(This article is translated from Dutch, the original is here)
“During a flood or an earthquake, you could monitor social media to get extra information on what's happening. Where do people need help? What exactly is going on?” This way, Suzan Verberne of the LIACS institute for computer science wants to make better use of social media. “Can we use an analysis of the posts to help society? That is the central question of our project.”
The project is called Social Media Analytics, and it's got universities from all over the world working together: Leiden, but also universities from Brazil, Australia, Indonesia and Norway. “We had received a European grant that allowed the participating scientists to go on work visits to each other's universities, but I guess that's not happening”, Verberne sighs from behind her webcam.

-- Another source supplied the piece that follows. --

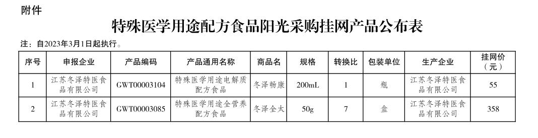 2023年2月23日,江蘇省公共資源交易中心發(fā)布了關于公布特殊醫(yī)學用途配方食品陽光采購掛網(wǎng)產(chǎn)品的通知,此次共公布了2款產(chǎn)品,其中涉及到冬澤特醫(yī)公司產(chǎn)品冬澤暢康,冬澤全太。
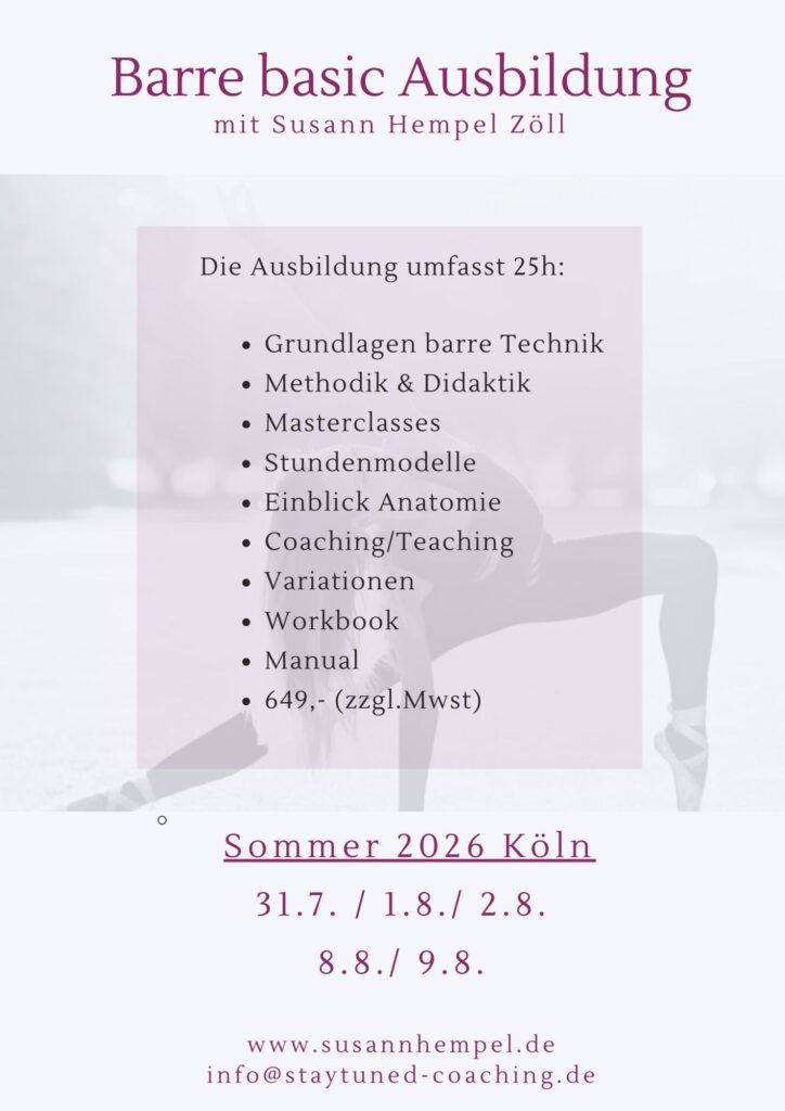 Die elegante Lösung für eine straffe und definierte Körpermitte - mit dem gewissen ästhetischen Anspruch und extrem hohem Suchtfaktor! Eine ganzheitliche Trainingsmethode die Ballett, Yoga, Pilates und funktionelles Training zu einem effektiven Workout vereint. Die Workouts orientieren sich am physisch ausbalancierten Körper einer Tänzerin, bei dem Bauch, Beine, Po und Arme abwechslungsreich definiert werden, so dass der ganze Körper an Attraktivität gewinnt und mehr Lebenskraft ausstrahlt.Spüre selbst wie sich Dein Körper elegant verändern kann. Denn in jedem von uns steckt doch eine kleine Primaballerina :) auch wenn Du noch nie in der Nähe einer Ballettstange warst! Auch Du wirst einen Kopf größer aus dem Training gehen – das ist ein Versprechen ;)! Du kannst live zum Kurs in mein Studio bzw. in den Beethoven Park kommen oder online mitmachen. Alle Termine entnimmst Du dem Kalender (s.u). Dort kannst Du Dich direkt mit einem Probetraining und zukünftig immer für Deine Lieblingskurse einbuchen. Schau ‘am besten direkt einmal rein- es gibt noch einige andere Kurse im Angebot!

The analysis starts by making a dataset. For instance: every single tweet posted to Twitter in the past week. “Next, you have to filter out the ones that are relevant for you. Most of those do not have the hashtags relating to you question, and there could be several hashtags applicable. Right now, #coronavirus, #covid19, #corona, #covid-19 would still just be the start. You can also look for relevant words in the post, like anything that mentions the health authorities, for example. Of course, in a way the situation is turned upside-down at the moment: almost everything on Twitter is about corona now, and hashtags like #WorkingFromHome or #Toiletpaper are related to the crisis too.
Mandatory vaccinations
The role of the Leiden scientists is to do a text and a network analysis on this set of filtered posts. The network analysis tells you who is in contact with whom, who spreads messages and who sees them. Verbernes specialty is text analysis: do messages have a positive or a negative tone, for instance. “You could also use this approach to gauge how people think about political issues like mandatory measles vaccination, for instance.
In normal times, about a six thousand tweets are sent online every second – and in times of crisis, this shoots up. Humans cannot read this fast, so let the computer do it for us. “You take a bit of your data, say five hundred messages. You seperate them by hand: this one is an eye witness account, this one is a reaction to a news article, etc. By doing this, you train a piece of software called a classifier, that is going to do the same job, but for your entire set of relevant posts.”
Verberne and her colleauges have done this before, for instance when looking at the users of health forums on the internet. “We could find experiences of being ill, or rare side-effects of medication. It's not perfect, but it works pretty good.”
Ideally, you want to say something about the quality and relevance of a post. An earlier research about postings to the Dutch Viva Forum – aimed at young women – indicated that properties of a post like average word length or use of punctuation can help you find the informative messages. But it still hard: “What is a reliable source? I, myself, notice that I tend to trust a post if there is some statistics involved. But in times like these, doing back-of-the-envelope calculations can be a bad idea. You could also look at the amount of expressed trust in health authorities like the Dutch RIVM, and the quality of the information in someone's post. Is there a relationship between the two?”
She stresses that after the analysis, the job is hardly finished. The collaboration has media sociologists and news researchers in it as well. “With this type of data science, it is extremely important to have people with an overview of the field as a whole. Can we recognize posts with misinformation? This is an interesting question, because there's a large gray area between lying on purpose, or the well-meant spreading of information that turns out to be wrong on reflection.”
The thing about Twitter is that it's not the most popular social network by far. Out of every hundred people in the Netherlands, 99 are not on Twitter. It is, however, very useful for data scientists, because almost every post is public there. “Instagram? Really, we don't mine that one at all, and Facebook only in a very limited way.”
Except Twitter, the researchers also look at web forums, and the comment sections on sites like Reddit and YouTube. They hope that their analysis will be of interest to lawmakers, government officials, and journalists as well as data scientists. So if you're ever in a crisis or want your opinion on political issues to be known to any of these groups of people: now you know where to post it.